Believe it or not, various factors play a role in comparing food’s nutritional value and its environmental impact. That’s why knowing the carbon footprint of food can be as beneficial as knowing its caloric and nutritional values.

For example, while a diet that incorporates meat tends to have higher environmental impacts, not all types of meat have such effects.

You can measure the carbon footprint of you diet right now, using this calculator:

Foods like broccoli and other veggies have a low-calorie count compared to chicken or pork. But, it’s not always that easy…

The shipping emissions generated by sending avocados long distances can make their footprint higher than a local farmer who grows their own food.

However, ruminants have the highest impact on the environment, specifically cows.

Besides the methane produced from the fermentation of food in the four-chambered stomach, cows also give birth about once a year. That is a problem because each cow produces a single calf in that once-per-year birth, meaning the carbon cost of maintenance lasts a year.

This guide outlines how the carbon footprint of vegan diet compares with other foods, and why certain things have a higher footprint.

Vegetarian vs Omnivore Environmental Impact Chart (Carbon Footprint Vegetarian vs Omnivore)

The graph below shows the GHG emissions vs land used for different agricultural products.

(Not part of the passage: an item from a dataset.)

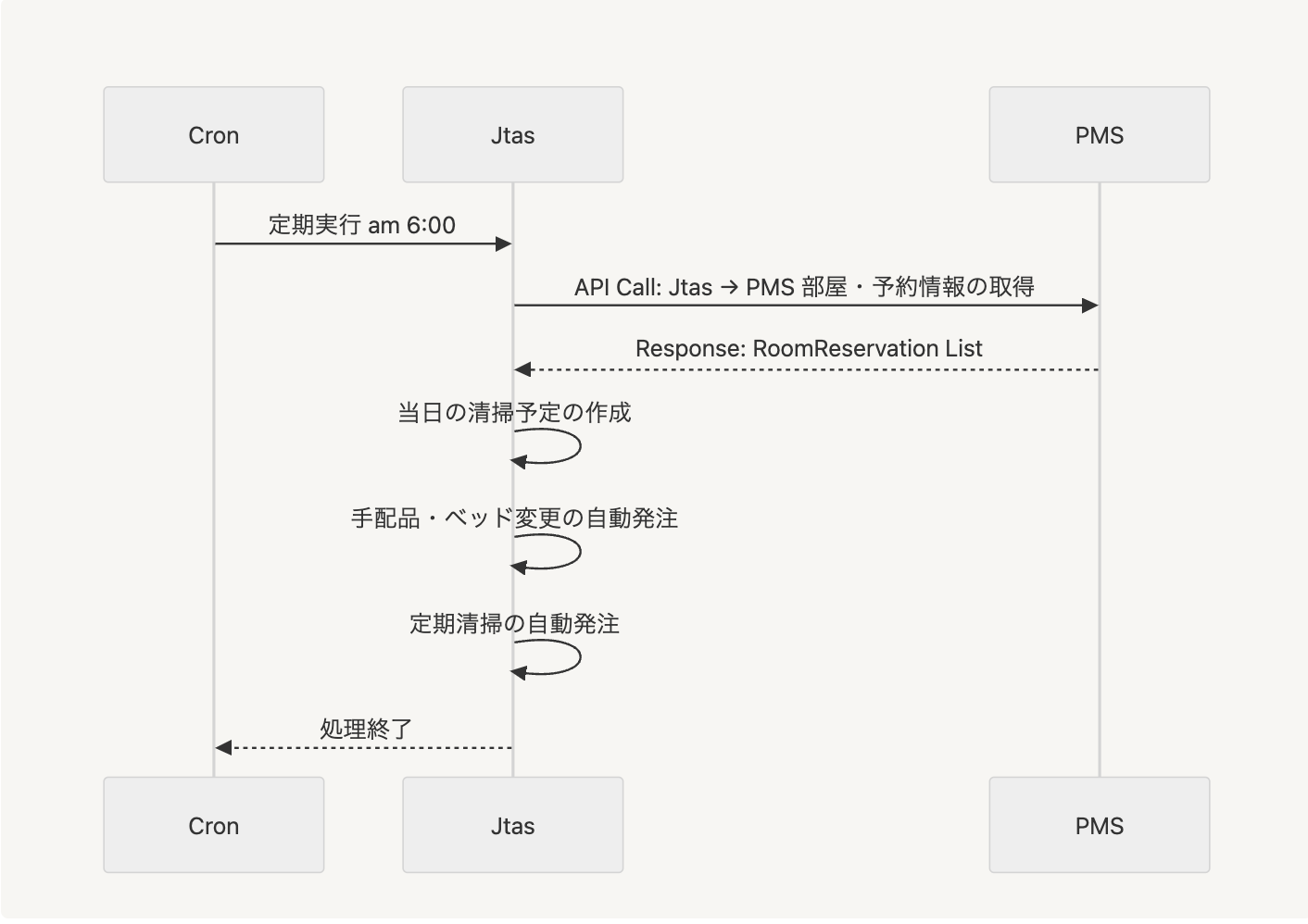 Jtasでは朝時点の部屋ステータスをもとに自動的に清掃指示書を作成します。その際に、最新のデータ取得のためJtas → PMS 部屋・予約情報の取得({PMS}/rooms)のAPIを呼び出します。

Bar graph representation of the greenhouse gas emissions vs land used of different meat products and its substitutes.

Animal/Product/Substitute Greenhouse Gas Emissions (Kg CO2e/Kg of Product) Land Used (m2 Years/kg of Product)
Beef 39 40
Mutton/Lamb 43 143
Chicken 8.7 13
Pork 10 17
Cheese 16 18
Tofu 3.2 3.5
Quorn 1.6 – 6.15 2 – 2.5

Carbon Footprint Vegan vs Meat Eater(Carbon Footprint Quorn vs Meat)

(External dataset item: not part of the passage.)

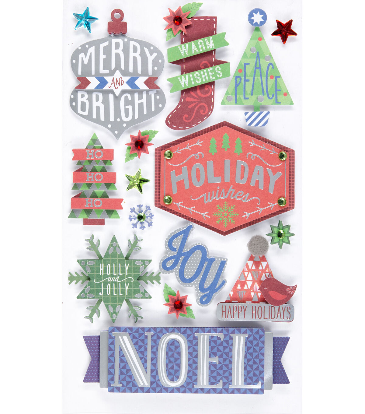 Give holiday cards, invitations, gift wrap and party favor bags a decorative touch with the Jolee's Boutique Christmas Stickers-Holiday Words. These greeting stickers feature foil and gem accents for lovely visual appeal. Use these fun and creative accents to accent all of your holiday craft projects.

Animal products like meat are bad for the environment, mainly because of the methane produced in the case of ruminants, and the amount of land they require.5 For example, the people who rear cattle on a large scale.

The cattle requires a lot of land to graze and even more land to grow the feed that they will eat.

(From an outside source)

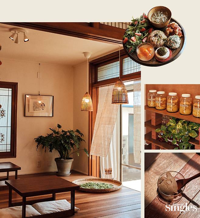 그 계절에만 먹을 수 있는 건강한 채소가 있다. 산토샤는 비건 발효 채식을 경험할 수 있는 채소 요리 공간으로 절기에 따라 채소 정식을 구성한다. 직접 발아시킨 유기농 현미로 지은 밥과 4가지 정도의 요리, 잎채소 샐러드, 수프 또는 국을 제주 옹기 접시에 담아 낸다. “산토샤는 산스크리트어로 수용과 만족을 뜻합니다. 한그릇의 채소 요리로도 충만한 시간이길 바라며 음식을 준비하죠.” 김아영 대표는 절기마다 가장 맛있는 채소를 구하기 위해 새벽의 곶자왈에서 쑥을 따오기도 하고, 오일장이나 유기농 전문 마트에도 간다. 이렇게 찾은 지역의 유기농 식재료에 제주 푸른콩장을 더해 맛을 낸다. “콩고기나 대체육을 비롯한 가공식품과 화학조미료를 쓰지 않고 직접 발효한 채소로 원재료의 맛을 극대화하려고 애쓰고 있어요.” 산토샤는 일부러 느린 음악을 틀어놓는다. 천천히 음식을 먹는 행위를 알아차리는 순간을 경험하도록 하기 위함이다. 시즌제를 통해 새로운 채소 요리를 선보이고 싶다는 김 대표는 올겨울엔 공부를 하러 훌쩍 떠났다 다시 돌아와 산토샤 시즌2를 이어갈 예정이다.

That means that in areas where there is a lot of animal farming, there is likely to be a lot of deforestation to provide land for that. Whereas if the land was used for plant farming, it would not have to be that much land.

Another hack is that trees can grow together with some plants and help sequester carbon.

That is why most people now are navigating towards meat substitutes like Quorn to avoid the huge environmental impact that comes with eating beef and other meats from ruminants.

Carbon Footprint of Beef (Beef Carbon Footprint)

From the table above, the carbon footprint of beef is 39 kg of CO2 for every kg of the product.

Most cows weigh about 1100-1500 pounds when ready for harvesting. If you convert the lowest weight to kg, that is about 499 kg. If you multiply that by 39kg, you get 19,461 CO2 emissions.

For a farm with hundreds of cattle, the CO2 emissions are extremely high.

Bar graph illustration of the carbon emissions of the different types of meat eaters.

Also, note that CO2 is not the only greenhouse gas that cattle produce. There is methane that is 20 times worse than carbon in heat-trapping.

According to estimates, this is the meat carbon footprint comparison for different types of eaters.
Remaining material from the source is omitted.